Another goal I had in mind while at FenCon was to talk to the organizers of other local area literary conventions and try to get on the roster as a guest and be included in discussion panels at their next events. This is not only to become more officially involved with the conventions but also a great way to promote myself as an author, and my published works. I made some good  contacts with a couple of Texas conventions, ConDFW and AggieCon, so we;ll see if they decide they want me or not as a guest. Otherwise I’ll just attend as a patron and promote myself as best as I can. One of the cool things about conventions is the promotions tables set up in high traffic areas. These include cards, posters, flyers, and even free magazines, and books. It’s a great place to find out about authors, publishers, conventions, and events. This year there was a copy of Realms of Fantasy magazine’s 100th issue that published in March this year on the table for the taking. I had bought this magazine’s first issue back sometime around 1994, when I was working in an independently owned bookstore. I used to subscribe to it back in the 1990’s, but hadn’t read one in years. I was glad to see it was still in publication and had hit its century issue mark.

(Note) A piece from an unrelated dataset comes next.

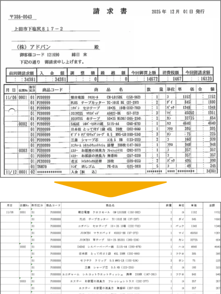 仕入業者からのPDF請求書をExcel化し、経理処理をスムーズにします。

As soon as I have a full-time job again, other than writing, bringing in regular income, I will subscribe to it once more.

Another cool event at FenCon VIII was a viewing of the Japanese live action movie Space Battleship Yamato which was released in 2010. For those of you not familiar with, or too young to know about it, this movie is based on the anime show, Starblazers which aired in the early to mid 1980’s. It was one of my favorite shows when I was a kid. The movie was pretty awesome, and although the character names had changed, the premise of the story hadn’t. Even watching the movie in Japanese with English subtitles didn’t deter me from liking this movie. I watch a fair amount of independent foreign films so subtitles don’t really bother me.

The whole FenCon experience was fun, energizing and tiring all at the same time. There was always plenty of good food and drinks in the Con Suite available free of charge, to patrons and guests alike. All the organizers and volunteer staff were friendly and helpful. The art room was amazing and the dealer’s room with all the books, t-shirts, pins, costumes games, and other stuff was great. The gaming room was incredible, with  a lot of games running almost the whole time. There was a really cool table-top strategy war game of Axis & Allies that was set up with beautiful maps and miniatures. There were all kinds of board games and role-playing games, and card games going on all weekend. The gaming room ran pretty much 24 hours a day during the three days of the convention.  I didn’t get to spend much time in there unfortunately, because of attending panels, selling and signing books, meeting with people, listening to the bands play filk music (fantasy/sci-fi fan folk music), and wandering in and out of the many party rooms Saturday night. Meeting so many new people and walking around the convention all day for pretty much three days straight, staying late Saturday night for the parties.  It wore me out and by Sunday afternoon I was ready for some rest at home, even though I hated to see it all come to an end.

Well there is always FenCon IX to look forward to next year, and I will definitely not miss it for anything. I hope I will see the same friends next year, and meet a lot of new ones. I hope all of you reading this blog will be there too, to share in the fun! I’ll be the short pale writer wearing my long black coat again, so look for me and say hello!